The companies are unregulated, and if customers are unable or refuse to pay, and can resort to collection tactics that are illegal for regulated utilities, such as shutting off the heat in winter and even eviction.
Yet no state agency has the authority to respond. That would require action by the Ohio Legislature, Attorney General Mike DeWine told The Columbus Dispatch ( http://bit.ly/179ACyM ) in response to the newspaper's findings.
"It seems to be a problem when you have a small minority of consumers who do not have those protections," DeWine said. "That, to me, would raise a lot of questions."
After a 10-month investigation, the newspaper found that up to 20,000 housing units in the Columbus area alone are affected and can pay markups of anywhere between 5 percent and 40 percent. The unregulated utilities also have the potential to affect up to 3 million Ohioans who live in apartments or condos, the newspaper found.
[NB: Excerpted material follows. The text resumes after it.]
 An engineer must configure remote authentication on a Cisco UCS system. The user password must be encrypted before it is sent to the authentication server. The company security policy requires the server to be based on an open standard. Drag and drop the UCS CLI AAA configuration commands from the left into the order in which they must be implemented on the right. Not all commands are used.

Here's how it works: A submeter company buys the utility meters and distribution system within an apartment complex. It then buys electricity or water, or both, from utilities and sells them to tenants, often at inflated prices and with fees.
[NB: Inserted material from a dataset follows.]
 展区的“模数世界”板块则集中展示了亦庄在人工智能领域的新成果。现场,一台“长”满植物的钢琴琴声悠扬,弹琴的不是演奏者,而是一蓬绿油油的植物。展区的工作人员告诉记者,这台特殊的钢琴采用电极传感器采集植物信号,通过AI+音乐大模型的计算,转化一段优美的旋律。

Sometimes, the submeter companies are owned by principal owners of apartment complexes.
Complains and questions about such companies are on the rise, with 5,137 inquiries to the Central Ohio Better Business Bureau since October last year. That's up 33 percent from the year before.
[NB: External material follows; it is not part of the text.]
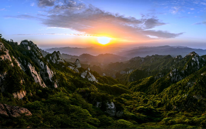 时值大暑,天气愈发清朗,在清晨立于尧山之上,只见朝阳如金色的眼眸探出薄云,为群山披上明亮的霞衣,令人心旷神怡。(鲁山县纪委监委 郭东伟 摄)

Complaints commonly are about high bills and unresponsive customer service, said Joan Coughlin, a vice president in the office.
"We had consumers state that they moved from a larger residence to a smaller apartment and had their utility costs increase," she said.
Many other states, utility resale is banned. States that allow it like Ohio include Pennsylvania, Alabama, Georgia, South Carolina, Kansas, Utah and Washington.
"Allowing markups for submetering is just bad policy," said Janine Migden-Ostrander, the former Ohio Consumers' Counsel who is now a principal at the Regulatory Assistance Project, a national nonprofit group that advises regulators on utility policy. "They aren't providing the customer with any real service that they wouldn't otherwise get from the utility company. There is no value added for the customer."
Bill Finissi, vice president of the central Ohio submeter company American Power & Light, said in an email that all tenants "enter into agreements with our company with eyes wide open and with full knowledge of the leasing contract provisions."
He said costs to customers also include a share of common-area electronic usage, such as hallways, and a charge for submetering and administration.
"This is our business model which prospective tenants have complete freedom to accept or not," he said. "By the way, if we didn't do it this way, these extra costs, which are essential costs of providing apartment housing, would need to be included in the rent."
Consumer advocates say they would prefer that such charges were included in rent to make it easier for tenants to see the true costs when they shop for housing, as opposed to being surprised by high utility bills.